- _Records provided_:
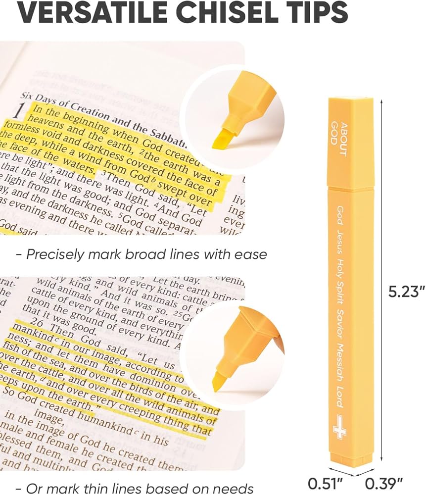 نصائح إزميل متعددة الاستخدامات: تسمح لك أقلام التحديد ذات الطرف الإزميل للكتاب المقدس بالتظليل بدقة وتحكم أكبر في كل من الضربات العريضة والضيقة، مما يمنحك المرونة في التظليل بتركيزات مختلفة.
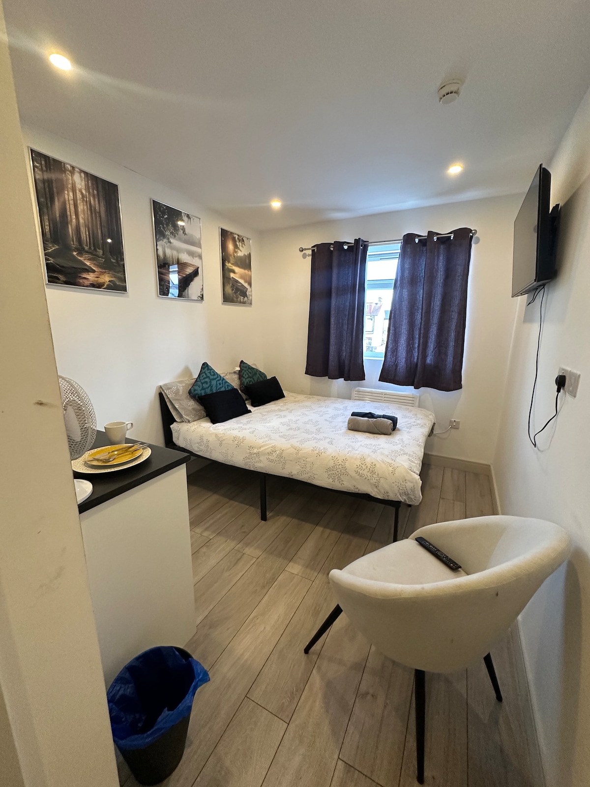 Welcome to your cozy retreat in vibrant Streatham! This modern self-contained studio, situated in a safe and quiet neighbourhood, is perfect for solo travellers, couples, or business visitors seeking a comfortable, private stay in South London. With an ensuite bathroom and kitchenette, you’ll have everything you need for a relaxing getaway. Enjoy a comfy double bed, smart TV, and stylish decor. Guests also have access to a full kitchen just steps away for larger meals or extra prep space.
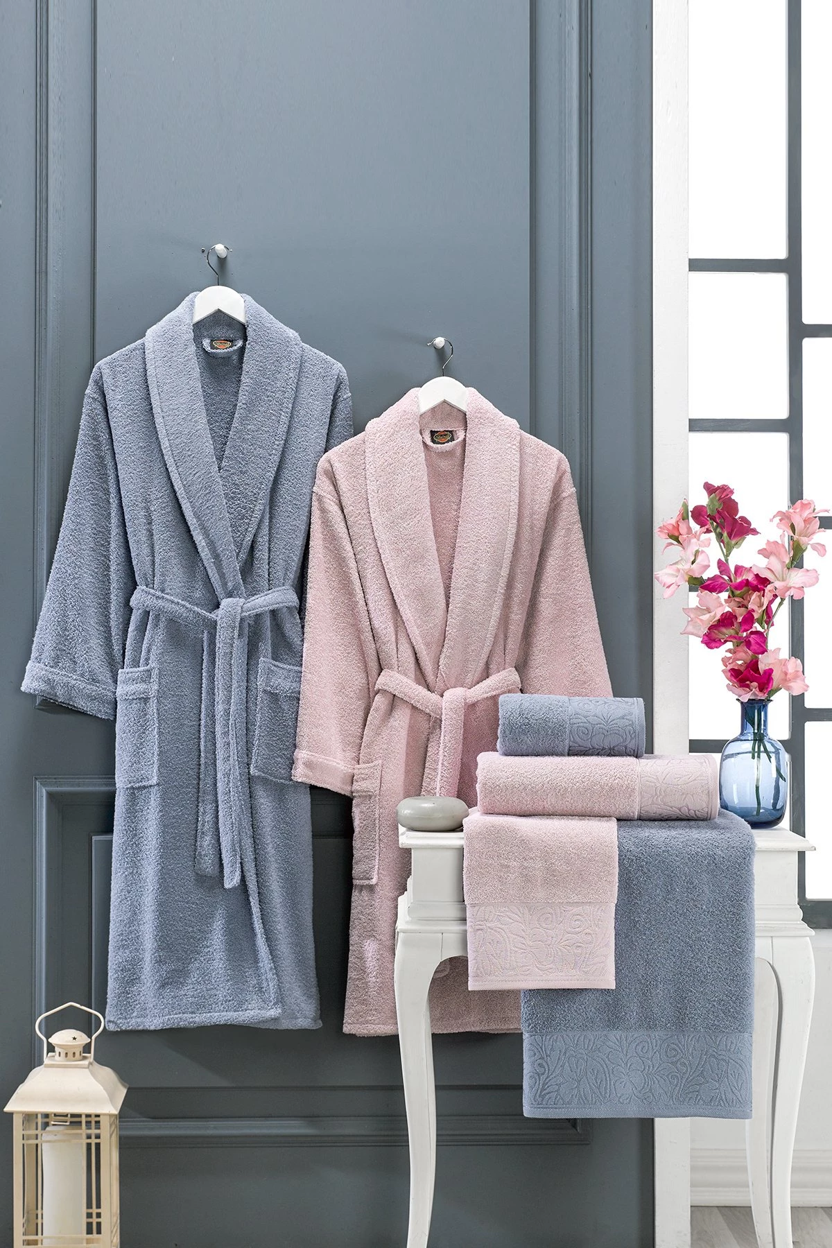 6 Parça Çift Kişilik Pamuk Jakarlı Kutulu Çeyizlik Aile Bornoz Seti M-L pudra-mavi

* * *

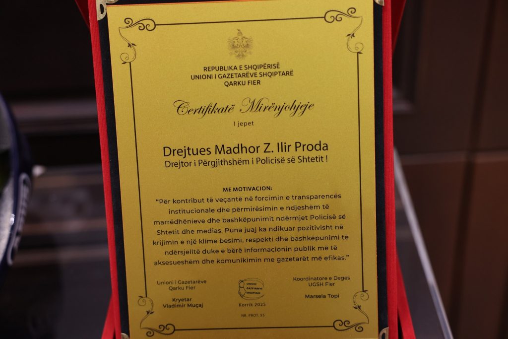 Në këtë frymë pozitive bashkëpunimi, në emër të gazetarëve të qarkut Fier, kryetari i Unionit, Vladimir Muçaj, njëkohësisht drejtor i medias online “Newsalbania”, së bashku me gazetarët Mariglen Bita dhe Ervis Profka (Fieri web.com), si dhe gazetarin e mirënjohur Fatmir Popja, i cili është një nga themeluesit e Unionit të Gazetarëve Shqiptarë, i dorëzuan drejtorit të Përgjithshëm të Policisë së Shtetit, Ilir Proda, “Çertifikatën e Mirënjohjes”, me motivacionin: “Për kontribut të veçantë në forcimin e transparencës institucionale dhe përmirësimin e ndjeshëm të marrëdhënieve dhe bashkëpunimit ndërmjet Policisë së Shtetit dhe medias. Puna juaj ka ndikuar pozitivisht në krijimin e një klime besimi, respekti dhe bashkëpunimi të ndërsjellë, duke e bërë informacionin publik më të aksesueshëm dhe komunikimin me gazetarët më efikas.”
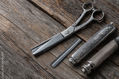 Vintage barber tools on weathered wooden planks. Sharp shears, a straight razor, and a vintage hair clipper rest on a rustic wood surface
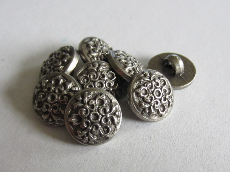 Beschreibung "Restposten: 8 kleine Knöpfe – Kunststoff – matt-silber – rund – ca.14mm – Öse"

- _What needs to be done_:
For this exercise, please set down exactly the lines of the listing above from the line with "نصائح إزميل متعددة" up to and including the line with "6 Parça Çift", and no pictures.

- _Completed task_:
 نصائح إزميل متعددة الاستخدامات: تسمح لك أقلام التحديد ذات الطرف الإزميل للكتاب المقدس بالتظليل بدقة وتحكم أكبر في كل من الضربات العريضة والضيقة، مما يمنحك المرونة في التظليل بتركيزات مختلفة.
 Welcome to your cozy retreat in vibrant Streatham! This modern self-contained studio, situated in a safe and quiet neighbourhood, is perfect for solo travellers, couples, or business visitors seeking a comfortable, private stay in South London. With an ensuite bathroom and kitchenette, you’ll have everything you need for a relaxing getaway. Enjoy a comfy double bed, smart TV, and stylish decor. Guests also have access to a full kitchen just steps away for larger meals or extra prep space.
 6 Parça Çift Kişilik Pamuk Jakarlı Kutulu Çeyizlik Aile Bornoz Seti M-L pudra-mavi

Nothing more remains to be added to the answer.